◆ **Exercise data**:
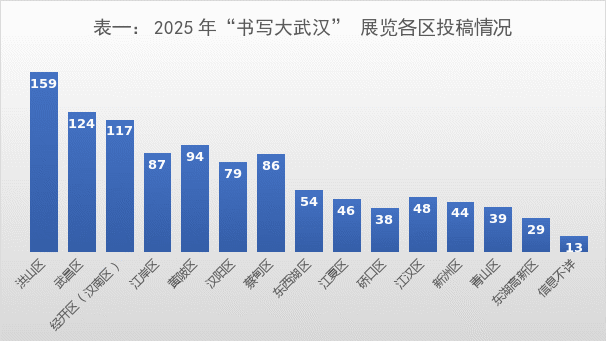 在武汉书协的统一部署下,武汉地区各区级书法协会积极行动,广泛动员。从各区投稿人数排名来看,洪山区、武昌区、经开区(汉南区)位列前三,分别是159件、124件和117件。洪山区、武昌区、江岸区等书法强区依然保持了较高的投稿热情和参与度,投稿人数位居前列。
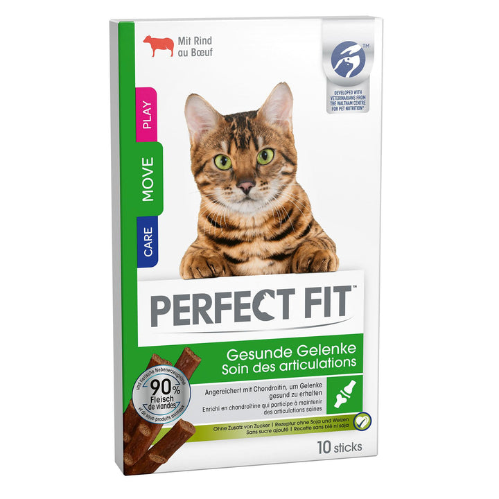 Perfect Fit Gesunde Gelenke sind unwiderstehlich leckere Sticks mit 90% Fleisch und tierischen Nebenerzeugnissen. Sie sind angereichert mit Chondroitin und Glucosamin (Aktivwirkstoffe, die essentielle Bausteine der Gelenke von Katzen sind), um die Gelenke Ihrer Katze gesund zu erhalten.
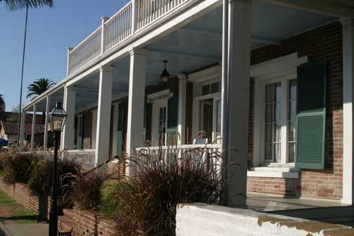 After the County Courthouse and its records moved to the New Town San Diego, in 1871, Thomas Whaley moved forward and connected the former granary and courtroom space to the newer private home structure. Perhaps he had soured on renting it out to commercial business. Part of this renovation was changing the windows, doors and front portico.

◆ **Your instructions**: The job here is to retype the data exactly, with no pictures included.

◆ **Answer**:
 在武汉书协的统一部署下,武汉地区各区级书法协会积极行动,广泛动员。从各区投稿人数排名来看,洪山区、武昌区、经开区(汉南区)位列前三,分别是159件、124件和117件。洪山区、武昌区、江岸区等书法强区依然保持了较高的投稿热情和参与度,投稿人数位居前列。
 Perfect Fit Gesunde Gelenke sind unwiderstehlich leckere Sticks mit 90% Fleisch und tierischen Nebenerzeugnissen. Sie sind angereichert mit Chondroitin und Glucosamin (Aktivwirkstoffe, die essentielle Bausteine der Gelenke von Katzen sind), um die Gelenke Ihrer Katze gesund zu erhalten.
 After the County Courthouse and its records moved to the New Town San Diego, in 1871, Thomas Whaley moved forward and connected the former granary and courtroom space to the newer private home structure. Perhaps he had soured on renting it out to commercial business. Part of this renovation was changing the windows, doors and front portico.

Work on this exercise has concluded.